- TRY IT:
Once you find the line below that has "In ein ausgefettetes", output it and every line after it exactly, stopping after the line that has "Runde. Technisch blei...", with no pictures.

- AVAILABLE RECORDS:

——

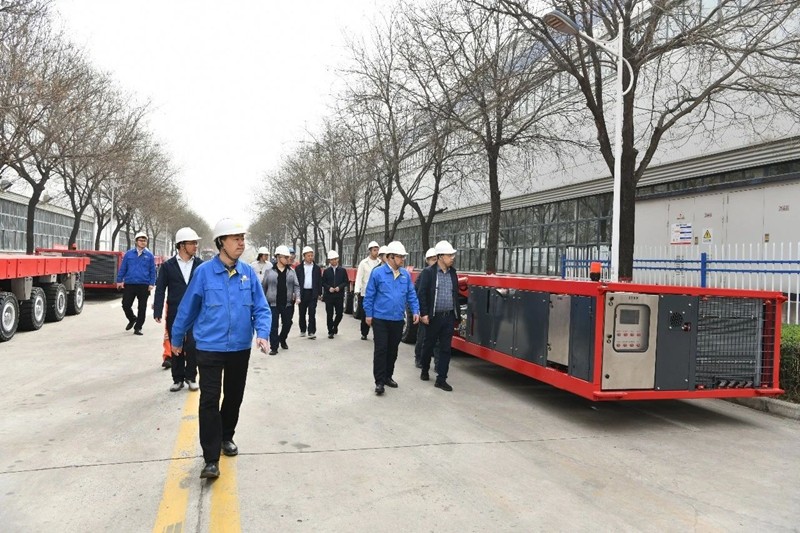 肖宇寧一行參觀了公司的裝配、電液、機加工、鉚焊、涂裝等生產(chǎn)車間,實地考察了192軸線模塊車的生產(chǎn)流程,并聽取了項目負責人關(guān)于產(chǎn)品設(shè)計、制造工藝、性能參數(shù)等方面的詳盡匯報。
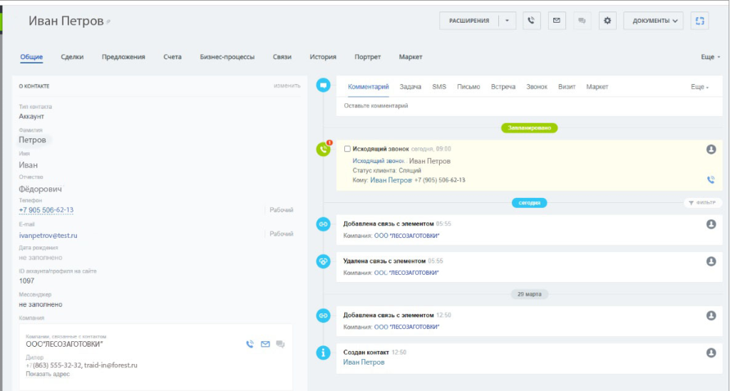 Профиль физического лица тоже Контакт, причём в данной сущности создано поле, которое имеет ссылку на другой контакт, а юридичские лица и ИП — это Компании. Связка контактов и компании осталась стандартной.
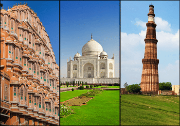Destinations : Delhi → Red Fort, India Gate, Qutub Minar → Agra → Taj Mahal, Agra Fort → Jaipur → Amber Fort, City Palace, Hawa Mahal
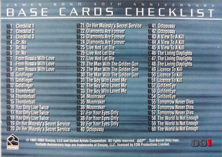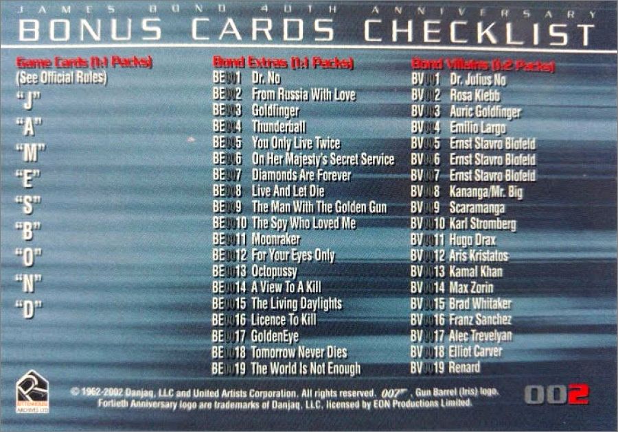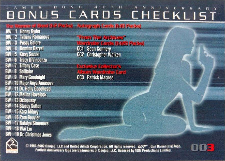 James Bond 40th Anniversary - Rittenhouse Trading Cards 2002
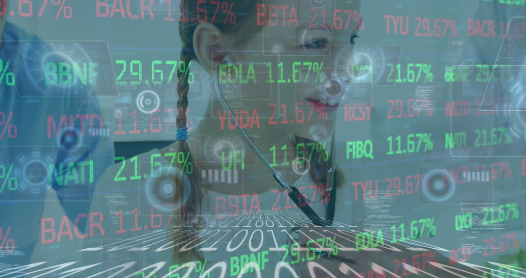 Doctor assessing patient against futuristic digital display showing data processing and stock market figures. Perfect for depicting healthcare technology integration or digital health innovation. Useful for medical articles, healthcare technology presentations, or financial intricacies in healthcare sector insights.
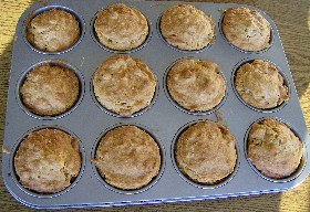 In ein ausgefettetes Muffins Blech ( 12 St ) einfüllen + bei 160° C Umluft ohne vorheizen 30 min backen. Ohne Umluft ca. 180 -190 °C, vorheizen, ca. 20 min.
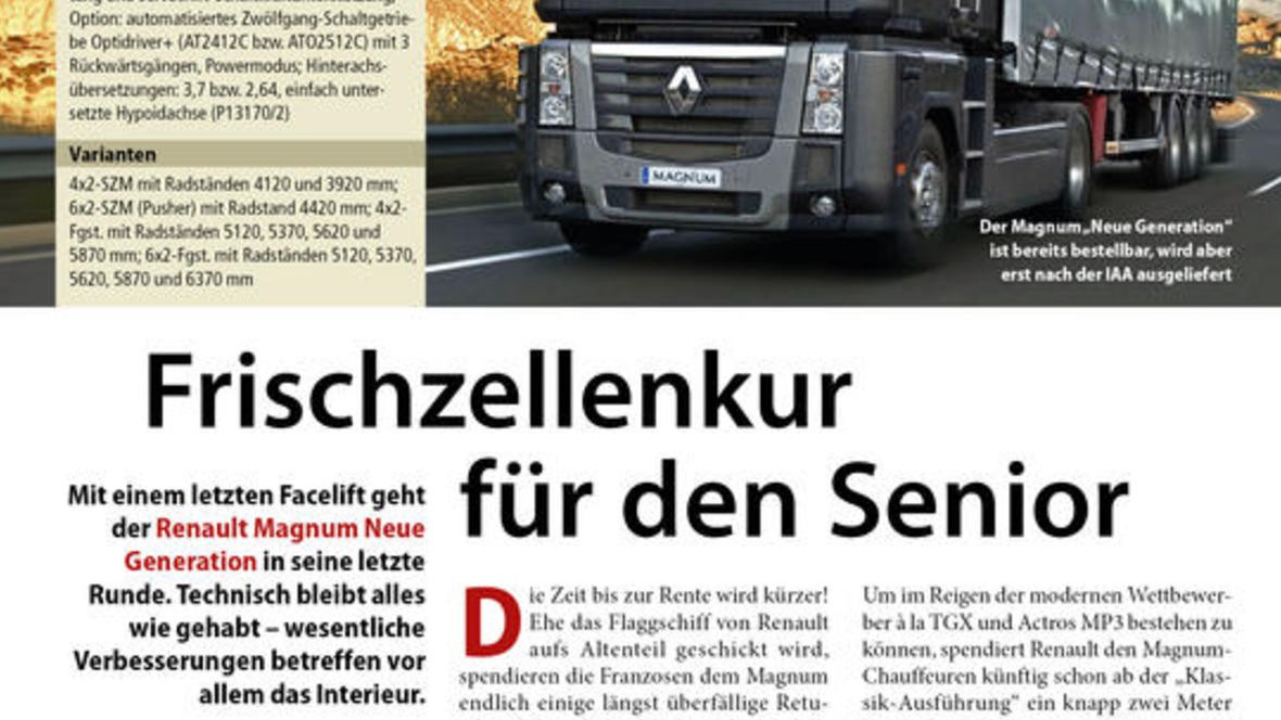 Der Magnum "Neue Generation" ist bereits bestellbar, wird aber erst nach der IAA ausgeliefert Mit einem letzten Facelift geht der Renault Magnum Neue Generation in seine letzte Runde. Technisch blei...
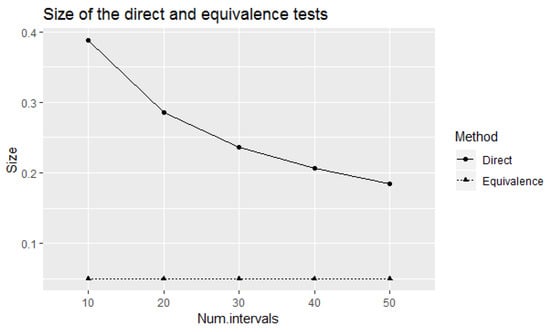 Figure 4 compares the size of the direct and equivalence tests at small number of elicited intervals. Observe that the size of the direct test decreases with the increase of number of elicited intervals. Therefore, if we apply the direct test to test experts’ calibration with small number of elicited intervals, the power of the test to correctly identify well-calibrated experts will not be sufficiently large. However, the size of the test which is equal to the value of the power should be considered as large from a statistical point of view. The equivalence test has lower values of power for the considered small number of elicited intervals with the fixed size of 0.05. If we increase the number of elicited intervals, the power of the equivalence test will be increased accordingly with the fixed size of 0.05. Therefore, the trade-off between the number of elicited intervals, power, and the size of the test is an important consideration in this context.

——

- OUTPUT OF THE EXERCISE:
 In ein ausgefettetes Muffins Blech ( 12 St ) einfüllen + bei 160° C Umluft ohne vorheizen 30 min backen. Ohne Umluft ca. 180 -190 °C, vorheizen, ca. 20 min.
 Der Magnum "Neue Generation" ist bereits bestellbar, wird aber erst nach der IAA ausgeliefert Mit einem letzten Facelift geht der Renault Magnum Neue Generation in seine letzte Runde. Technisch blei...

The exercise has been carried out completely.